=== Brief ===
Would you return the lines between the one holding "Truman Boerkoel also" and the one holding "在教導(dǎo)員孫偉的建議", inclusive, and only those, exactly as they stand in the listing below?

=== Data for this task ===
= Beginning of Section =

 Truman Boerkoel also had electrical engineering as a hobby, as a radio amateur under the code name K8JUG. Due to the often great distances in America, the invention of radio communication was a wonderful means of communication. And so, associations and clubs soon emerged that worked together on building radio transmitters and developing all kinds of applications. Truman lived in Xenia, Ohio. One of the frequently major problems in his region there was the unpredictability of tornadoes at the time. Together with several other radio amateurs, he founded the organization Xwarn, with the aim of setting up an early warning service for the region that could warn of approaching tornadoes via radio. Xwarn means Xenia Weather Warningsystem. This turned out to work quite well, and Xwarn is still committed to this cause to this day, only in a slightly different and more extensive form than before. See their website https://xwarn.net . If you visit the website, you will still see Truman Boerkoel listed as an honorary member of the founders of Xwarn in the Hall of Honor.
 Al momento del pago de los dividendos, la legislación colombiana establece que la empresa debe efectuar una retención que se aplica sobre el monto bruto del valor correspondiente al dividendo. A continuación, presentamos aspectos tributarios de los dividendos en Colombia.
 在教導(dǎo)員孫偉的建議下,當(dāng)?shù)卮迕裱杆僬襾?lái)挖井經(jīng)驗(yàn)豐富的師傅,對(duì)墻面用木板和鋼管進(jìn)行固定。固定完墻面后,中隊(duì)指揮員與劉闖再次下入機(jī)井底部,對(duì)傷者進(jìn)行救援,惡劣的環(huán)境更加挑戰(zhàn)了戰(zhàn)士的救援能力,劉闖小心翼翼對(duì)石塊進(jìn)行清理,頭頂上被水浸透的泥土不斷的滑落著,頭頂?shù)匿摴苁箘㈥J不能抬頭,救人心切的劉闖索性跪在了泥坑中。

= End of Section =
= Beginning of Section =

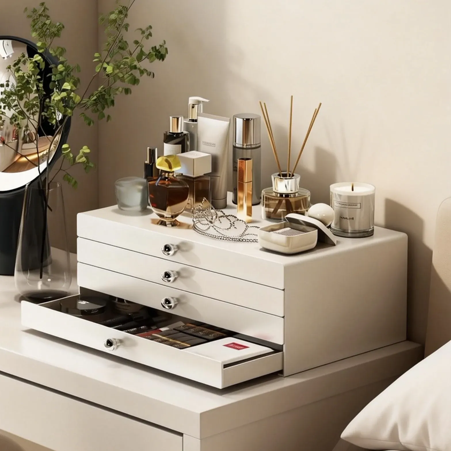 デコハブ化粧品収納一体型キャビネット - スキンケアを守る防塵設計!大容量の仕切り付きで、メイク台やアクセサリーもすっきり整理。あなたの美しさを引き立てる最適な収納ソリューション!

= End of Section =

=== Answer to this exercise ===
 Truman Boerkoel also had electrical engineering as a hobby, as a radio amateur under the code name K8JUG. Due to the often great distances in America, the invention of radio communication was a wonderful means of communication. And so, associations and clubs soon emerged that worked together on building radio transmitters and developing all kinds of applications. Truman lived in Xenia, Ohio. One of the frequently major problems in his region there was the unpredictability of tornadoes at the time. Together with several other radio amateurs, he founded the organization Xwarn, with the aim of setting up an early warning service for the region that could warn of approaching tornadoes via radio. Xwarn means Xenia Weather Warningsystem. This turned out to work quite well, and Xwarn is still committed to this cause to this day, only in a slightly different and more extensive form than before. See their website https://xwarn.net . If you visit the website, you will still see Truman Boerkoel listed as an honorary member of the founders of Xwarn in the Hall of Honor.
 Al momento del pago de los dividendos, la legislación colombiana establece que la empresa debe efectuar una retención que se aplica sobre el monto bruto del valor correspondiente al dividendo. A continuación, presentamos aspectos tributarios de los dividendos en Colombia.
 在教導(dǎo)員孫偉的建議下,當(dāng)?shù)卮迕裱杆僬襾?lái)挖井經(jīng)驗(yàn)豐富的師傅,對(duì)墻面用木板和鋼管進(jìn)行固定。固定完墻面后,中隊(duì)指揮員與劉闖再次下入機(jī)井底部,對(duì)傷者進(jìn)行救援,惡劣的環(huán)境更加挑戰(zhàn)了戰(zhàn)士的救援能力,劉闖小心翼翼對(duì)石塊進(jìn)行清理,頭頂上被水浸透的泥土不斷的滑落著,頭頂?shù)匿摴苁箘㈥J不能抬頭,救人心切的劉闖索性跪在了泥坑中。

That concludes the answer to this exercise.